* _WHAT TO WORK ON_:
Lines below starting with the line with "自分で選んだ支援先の保護施設" and going on through the line with "今回は、以前施設にご入居され" must be output exactly; the rest of the records must be left out.

* _DATA RECORDS_:
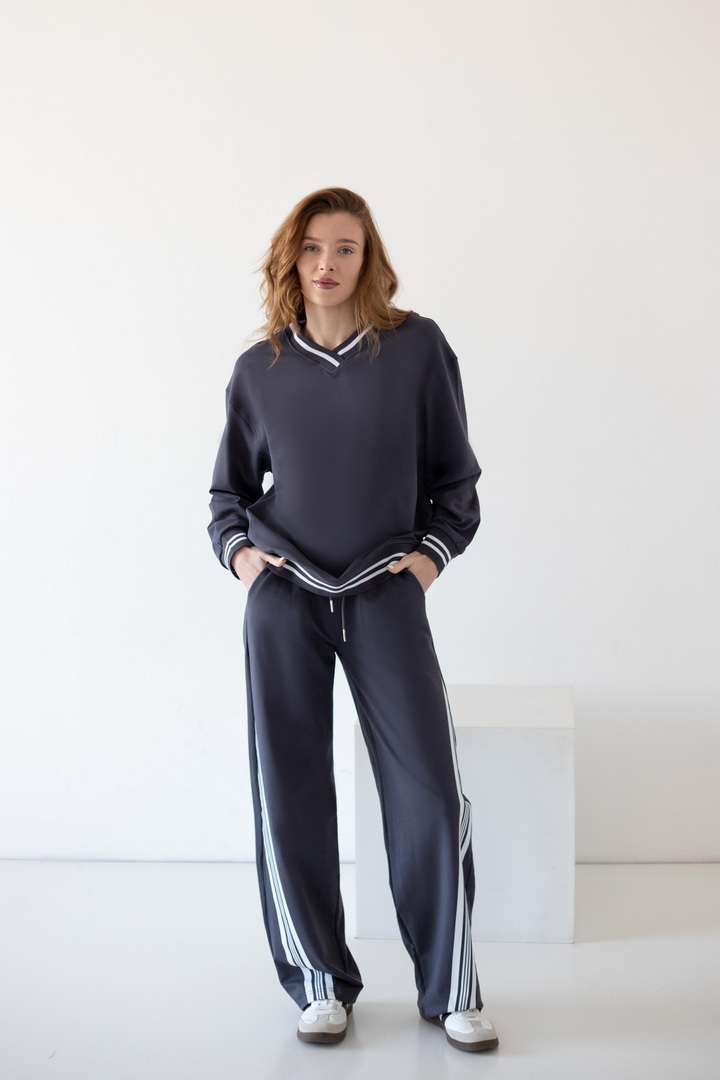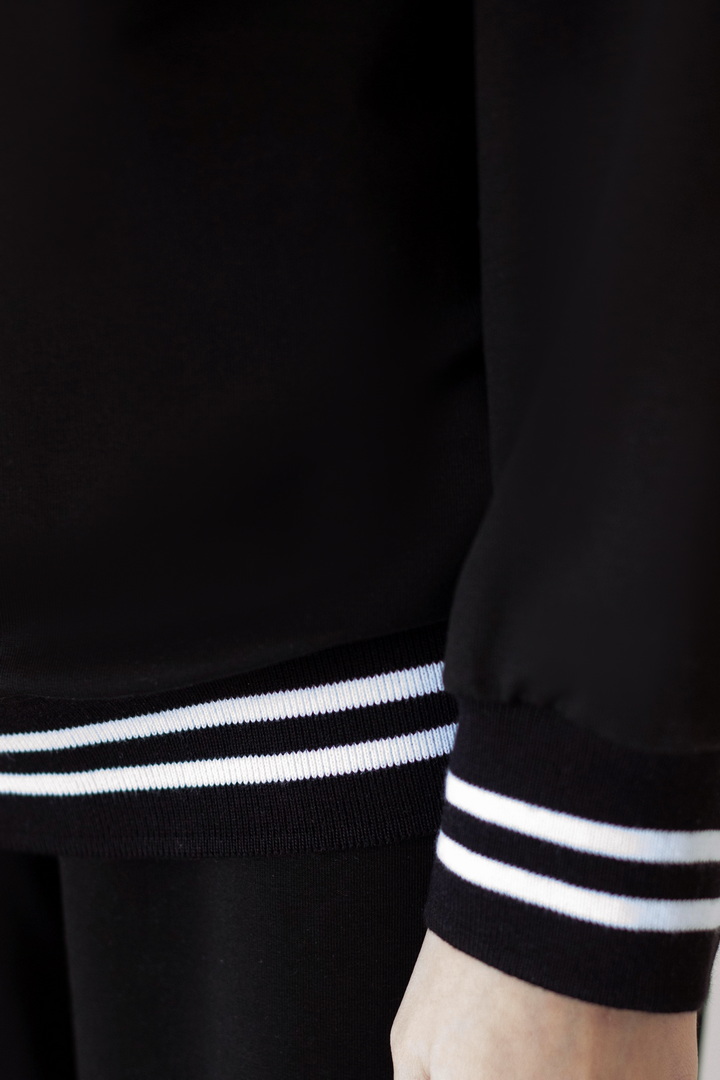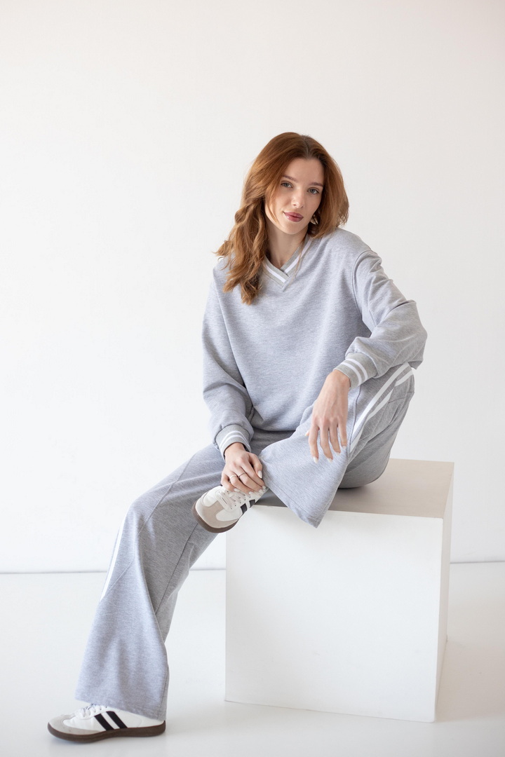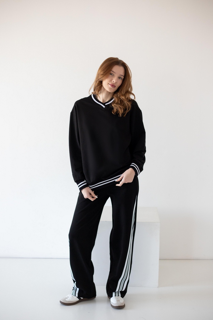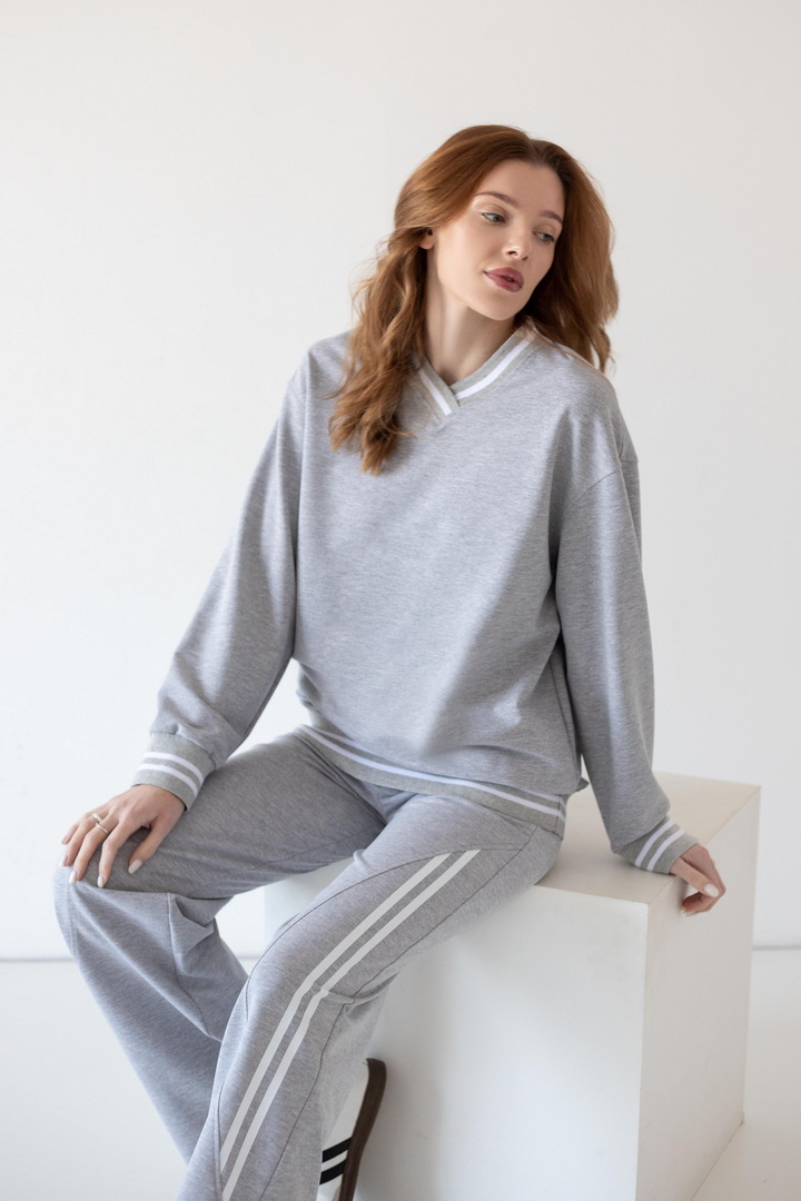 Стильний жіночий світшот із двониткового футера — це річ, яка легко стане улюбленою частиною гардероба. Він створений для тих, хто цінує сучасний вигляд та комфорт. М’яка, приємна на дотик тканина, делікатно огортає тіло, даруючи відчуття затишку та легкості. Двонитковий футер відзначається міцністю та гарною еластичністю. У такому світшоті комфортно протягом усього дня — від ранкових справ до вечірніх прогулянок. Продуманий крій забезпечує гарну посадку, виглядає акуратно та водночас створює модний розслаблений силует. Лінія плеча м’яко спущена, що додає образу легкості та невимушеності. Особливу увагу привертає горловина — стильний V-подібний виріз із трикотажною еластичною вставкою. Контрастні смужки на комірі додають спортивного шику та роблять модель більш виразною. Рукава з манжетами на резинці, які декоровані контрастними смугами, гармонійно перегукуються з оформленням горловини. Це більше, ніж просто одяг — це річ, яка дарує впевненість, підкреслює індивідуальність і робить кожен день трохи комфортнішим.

* * *

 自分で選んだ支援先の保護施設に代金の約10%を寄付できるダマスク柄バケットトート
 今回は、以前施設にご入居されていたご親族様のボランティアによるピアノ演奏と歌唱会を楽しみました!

* _FINISHED EXERCISE_:
 自分で選んだ支援先の保護施設に代金の約10%を寄付できるダマスク柄バケットトート
 今回は、以前施設にご入居されていたご親族様のボランティアによるピアノ演奏と歌唱会を楽しみました!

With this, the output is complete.